Thinking Anew – Welcoming the Sabbath queen

“We are beloved creatures, not units of production.” Photograph: iStock
“We are beloved creatures, not units of production.” Photograph: iStock

Like many people I long for balance in my life, searching for rhythms of work and rest which sustain and are sustainable. Since being a curate I have had to accustom myself to one day off a week rather than the two days of the weekend when most people tend to be free. Sunday (though still special) is very much a working day for me – an early start, the need for careful time-keeping, significant engagement required. So I have been learning to embrace my own day of rest on Thursdays in a deeper way.

As Christians we have inherited and adapted the principle of Sabbath from our Jewish forbears – a radical and radiant notion which was unique in the ancient world, and remains a deeply subversive discipline in our frenetic postmodern one. No ancient society before the Jews had a day of rest, and keeping the Sabbath is one of the Ten Commandments – on a par with not murdering, stealing, or committing adultery. This command to cease work and embrace rest applies to all women, men, children, servants, animals, the very land itself upon which we all depend. The Sabbath principle is as old as the hills. Older actually, it is built into the creation story itself: on the seventh day God rested – a curious, heart-warming insight into the creator of the universe!

So on Thursdays, my day off, I try not to do anything at all which can be considered “productive”.
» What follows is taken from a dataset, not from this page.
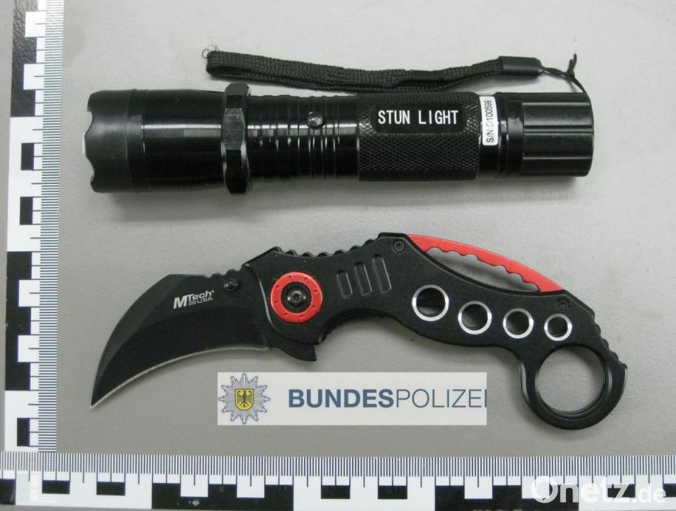 Ein Karambitmesser, (sogenanntes "Caramba") und eine als Elektroschocker umgebaute Taschenlampe beschlagnahmten Fahnder der Waidhauser Bundespolizei bei der Kontrolle auf der A6 am Sonntagmorgen. Bei dem Karambitmesser handelt es sich in seiner Ursprungsform um ein sichelförmiges Gartenmesser mit Fingerloch aus dem asiatischen Raum. Nach dem deutschen Waffengesetz darf es in der Öffentlichkeit nicht mitgeführt werden. Verboten allerdings war die Taschenlampe in der Fahrzeug-Mittelkonsole des 29-Jährigen. Die vermeintliche Leuchte lässt sich laut Mitteilung der Bundespolizei per Knopfdruck in ein Elektroimpulsgerät verwandeln, das Stromstöße mit mehreren tausend Volt aussenden kann. Beide Waffen des Mannes beschlagnahmten die Fahnder. Der Mann erhielt eine Anzeige wegen Verstößen gegen das Waffengesetz.

This is a wholesome antidote to a temptation that plagues many of us in our lives: we calculate our worth and our “success” in terms of how productive and efficient we have been, measuring out our lives in self-generating “to-do” lists. This has always bothered me. We are beloved creatures, not units of production. “Being productive” is surely a poor measure of our worth, and judging ourselves accordingly will (and does) affect every aspect of our lives. Are the young and strong worth more than the old and frail? Are the poor worth less than the rich? Not in the Kingdom of God.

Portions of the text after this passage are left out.